微かなモーター音を響かせ上昇していくシャッター。
智絵はそれを眺めながら考える。
(学校……行かなきゃ、だよね)
家から逃げる事は出来た。
一時的でも離れられる事は、大分心に余裕が生まれる。
けれど、学校はそうもいかない。
学校に行かなければ家に連絡も行くし、最悪、心白に迷惑が掛かってしまうかもしれない。
そう思えばこそ、智絵は明日から学校に行かずにはいられない。
自身のそんなやるせない気持ちを押し留めて、智絵は笑顔で心白に言った。
「学校、楽しいので。流石に明日からは行きますよっ。
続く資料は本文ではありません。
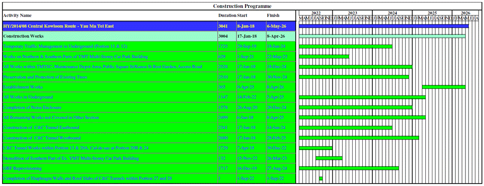 · Construct D-wall panels, pumping test, excavation to roof slab & construct roof slab at Zone B · Construct D-walls, buttress walls, install king posts/RW/OW/PW, construct traffic deck and carry out pumping test at Zone B · Construct D-walls, buttress walls, install king posts/RW/OW/PW, construct roof slab, traffic deck and carry out pumping test at Zone C · Construct D-walls/Pipe Piles, buttress walls, install king posts/RW/OW/PW, construct traffic deck and carry out pumping test at Zone D · Divert DN 900 sewer pipes, demolition of CLP Cable Tunnel A and handover back to CLP, Jet Grouting at Zone F/B3 · Construct pipe piles & divert DN1800 drainage at Zone G & implement TTA at Zone G · Construct portal frame across, demolish existing Gascoigne Road flyover beams and construct end span at Portion 21 · Construct bridge deck for spans P4 and P6 include bottom tendon stressing at Gascoigne Road flyover. · Construct socketed H-piles, pile caps, ground beams and erect steel posts of Noise Enclosure at Zone 3. · Underground Utilities diversion, construct permanent & temporary pipe piles, barrette walls for Noise Enclosure at Zone 2. |

それじゃ、お昼ご飯もあたしが作っちゃいますね!」
バイクを押して歩く心白の横を通り過ぎて家の中に入る智絵の横顔を、心白は目頭に皺を寄せ静かに見ていた。
「どうしました?」
視線に気付いた智絵がそう聞くが、心白は何でもないと言って、そのハリボテの笑顔から視線を外す。
「早く着替えないとな」
「そうですね――って、ああっ!」
「今度はなに」
忙しなく騒がしい。
そんな感想を抱きつつ心白は智絵に聞く。
バイクのスタンドを出し、車体を定位置に戻したのと同時に、智絵はどんよりした様子で話し出した。
「いえ、着替えがですね」
智絵はソファー横にあった家出セット一式が入ったバッグを開けて、その中身を確認していく。
だが、目当てのものはやはり無かった。
「下着も何も、一式しか持って来てなくて、もう無いんです」
「何で一式だけ」
「こんな事になるなんて思ってなかったからですよ! あと、お婆ちゃん家に行くのに荷物が多いと重くて大変だし、どうせなら買い足せばいいと思ってたんです」
「じゃあ、私の服着ればいい」
「え、いいんですか?」
「サイズは合わないかもしれないけど、外出はしないし、いいでしょ」
「じゃあ……お言葉に甘えて」
少しだけ心白の服を着る事に気恥ずかしさを覚えたが、寒さを感じてくちょんっと、くしゃみをした。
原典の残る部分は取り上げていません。